DIRECTIONS FOR THIS TASK:
A faithful copy is needed of the lines below from the one with "hough bearing it" up to and including the one with "The program entitled"; set it down with no pictures and no other lines.

SUPPLIED DATA:
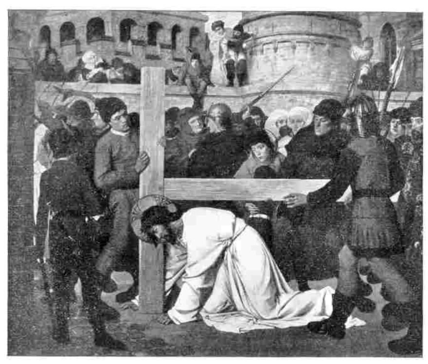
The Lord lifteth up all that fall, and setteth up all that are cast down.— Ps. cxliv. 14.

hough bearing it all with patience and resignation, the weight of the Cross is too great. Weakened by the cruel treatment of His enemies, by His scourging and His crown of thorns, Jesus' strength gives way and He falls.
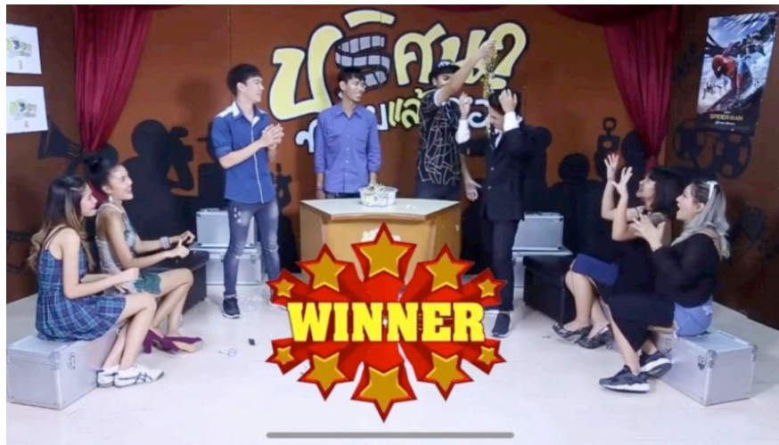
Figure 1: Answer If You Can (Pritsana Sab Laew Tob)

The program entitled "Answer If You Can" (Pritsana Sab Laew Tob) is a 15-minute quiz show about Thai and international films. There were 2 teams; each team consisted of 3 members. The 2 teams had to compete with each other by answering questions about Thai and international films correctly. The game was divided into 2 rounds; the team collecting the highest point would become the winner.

...

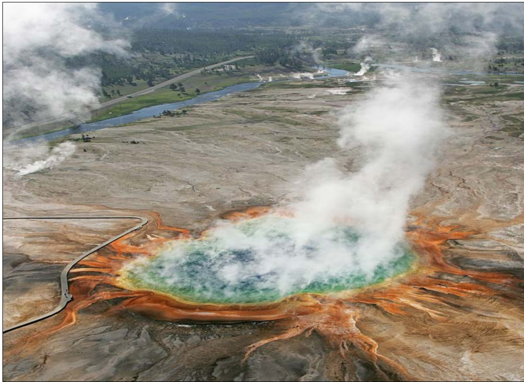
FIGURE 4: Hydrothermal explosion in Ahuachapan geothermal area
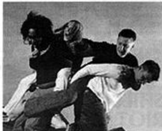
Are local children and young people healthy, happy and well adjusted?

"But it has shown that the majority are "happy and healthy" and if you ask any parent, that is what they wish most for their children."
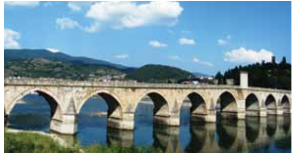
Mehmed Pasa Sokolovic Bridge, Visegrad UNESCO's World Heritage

...

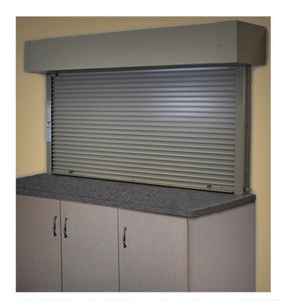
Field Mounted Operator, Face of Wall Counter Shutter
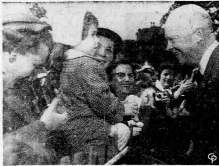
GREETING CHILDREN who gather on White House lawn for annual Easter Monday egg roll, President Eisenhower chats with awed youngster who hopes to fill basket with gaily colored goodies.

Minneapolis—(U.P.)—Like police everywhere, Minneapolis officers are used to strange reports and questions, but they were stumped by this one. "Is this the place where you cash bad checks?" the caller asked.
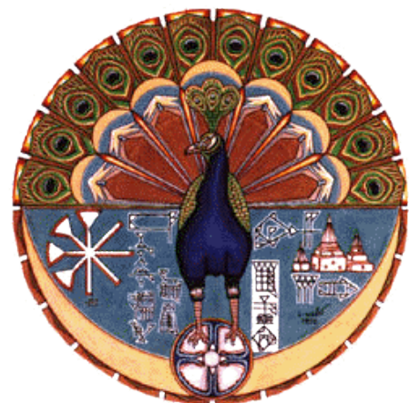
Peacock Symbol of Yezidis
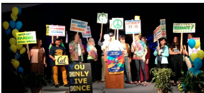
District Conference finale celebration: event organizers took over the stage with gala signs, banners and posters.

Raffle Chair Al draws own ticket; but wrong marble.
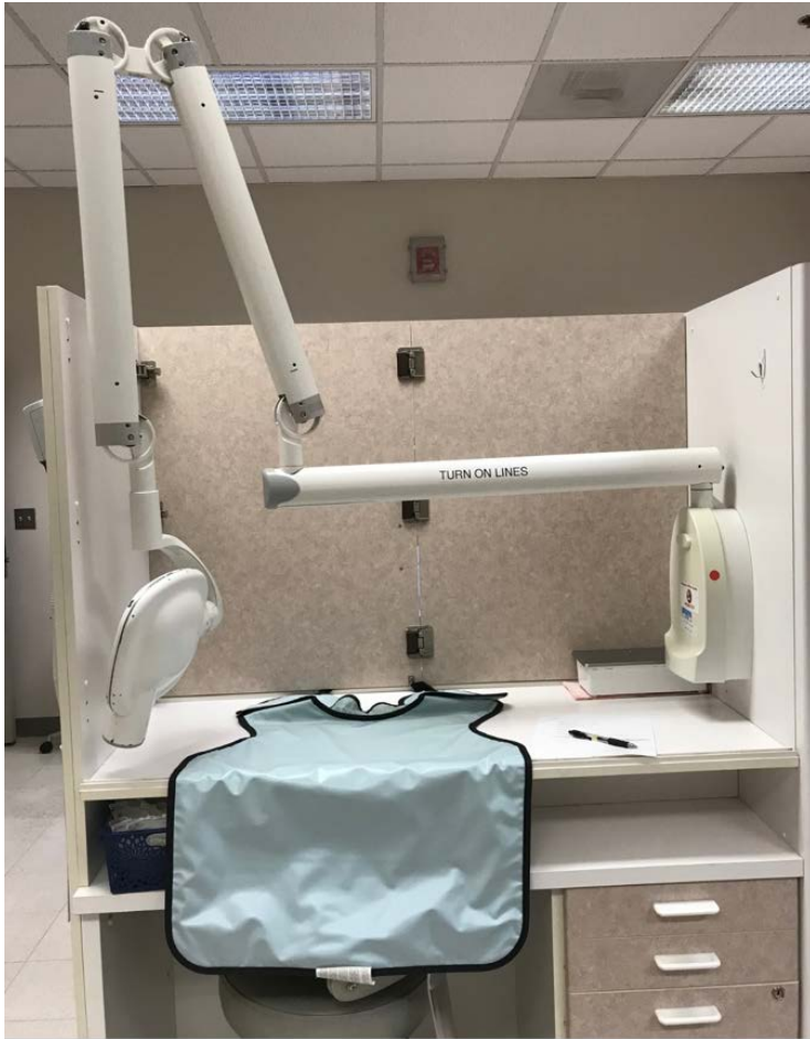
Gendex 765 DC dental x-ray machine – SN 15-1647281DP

OUTPUT FOR THIS TASK:
hough bearing it all with patience and resignation, the weight of the Cross is too great. Weakened by the cruel treatment of His enemies, by His scourging and His crown of thorns, Jesus' strength gives way and He falls.
Figure 1: Answer If You Can (Pritsana Sab Laew Tob)

The program entitled "Answer If You Can" (Pritsana Sab Laew Tob) is a 15-minute quiz show about Thai and international films. There were 2 teams; each team consisted of 3 members. The 2 teams had to compete with each other by answering questions about Thai and international films correctly. The game was divided into 2 rounds; the team collecting the highest point would become the winner.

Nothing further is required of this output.